An NFT of the still image “52Hz” by Zomax sold for $168,000 on SuperRare, an NFT platform founded by Mainer Jonathan Perkins.

Jon Ippolito, professor of new media at the University of Maine, is capable of spouting all the technical jargon when it comes to explaining non-fungible tokens, or NFTs, the latest market-charged trend in the world of high-end art and collectibles. But he prefers simplicity.

“Basically, NFTs are a big receipt in the sky. That’s all they are,” said Ippolito, a former curator at Guggenheim Museum and an early specialist in internet art.

They’re a little more complex, but Ippolito’s comparison is a good starting point for understanding the latest art-world boom – or bubble, depending on the perspective – that became a mainstream cultural phenomenon when someone paid $69.3 million for an NFT of the digital artwork “Everydays: The First 5000 Days” by the artist Mike Winkelmann, known commercially as Beeple. The $69.3 million auction price was the most money paid for an NFT, one indication of the scope and potential of a new and quickly expanding market for art and collectibles – like trading cards, memes and even the first tweets of famous people – that is supported, in part, by an entrepreneur from Maine who co-founded the NFT platform SuperRare. On Friday morning, SuperRare sold an NFT of the video artwork “Destination Hexagonia” by the artist Don Diablo for $1.2 million. Digital artists from Maine also have begun dabbling with NFTs, exploring where and how to sell their digital artworks.

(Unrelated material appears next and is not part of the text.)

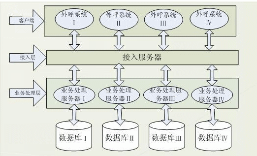 針對舊外呼業(yè)務系統(tǒng)的弊端及業(yè)務系統(tǒng)特點,賽迪呼叫研發(fā)了基于三層C/S結構的外呼業(yè)務系統(tǒng),該系統(tǒng)分客戶端,接入服務器,業(yè)務服務器及數(shù)據(jù)庫端?蛻舳税l(fā)送請求給分配服務器,接受到請求后,分配服務器根據(jù)客戶端的請求數(shù)據(jù)將其分配給自身的業(yè)務服務器做業(yè)務處理,這樣客戶端與業(yè)務服務器建立起聯(lián)系,結構體系如圖:

NFTs are difficult to grasp, because they’re not an actual thing. Each NFT represents a unique digital token of ownership, but not an actual artwork. “There are no rights or physical or digital assets, it’s just bragging rights to say, ‘I bought this.’ You can get an image if you want it, but that is not what you are buying,” Ippolito said.

Others say the NFT trend is a big middle finger to the art establishment and another example of the disruptive democratization of a traditional market, fueled by technology and social media and similar to the social-movement mentality that gave GameStop stock a wild ride on Wall Street a few weeks ago. “I don’t need an art critic or a gallery to validate my work anymore,” said Arturo Camacho, a doctoral student at UMaine who is following the NFT marketplace closely but has yet to enter it. “It’s no longer decided by a few, but by an entire network of people.”

The person who paid nearly $70 million for bragging rights to “Everydays” received a digital token of authenticity, minted on a digital ledger, or blockchain, that represents both the authentic creation of that work by the artist, as well as its legitimate ownership by the buyer. The digital certificate of authenticity allows an image that exists only in a digital realm to be traded and tracked on the blockchain. The appeal of blockchains is their supposed security; after data is recorded in one block, it can’t be changed without changing data in all the blocks that follow. That sense of security and authenticity helps create higher values for digital art.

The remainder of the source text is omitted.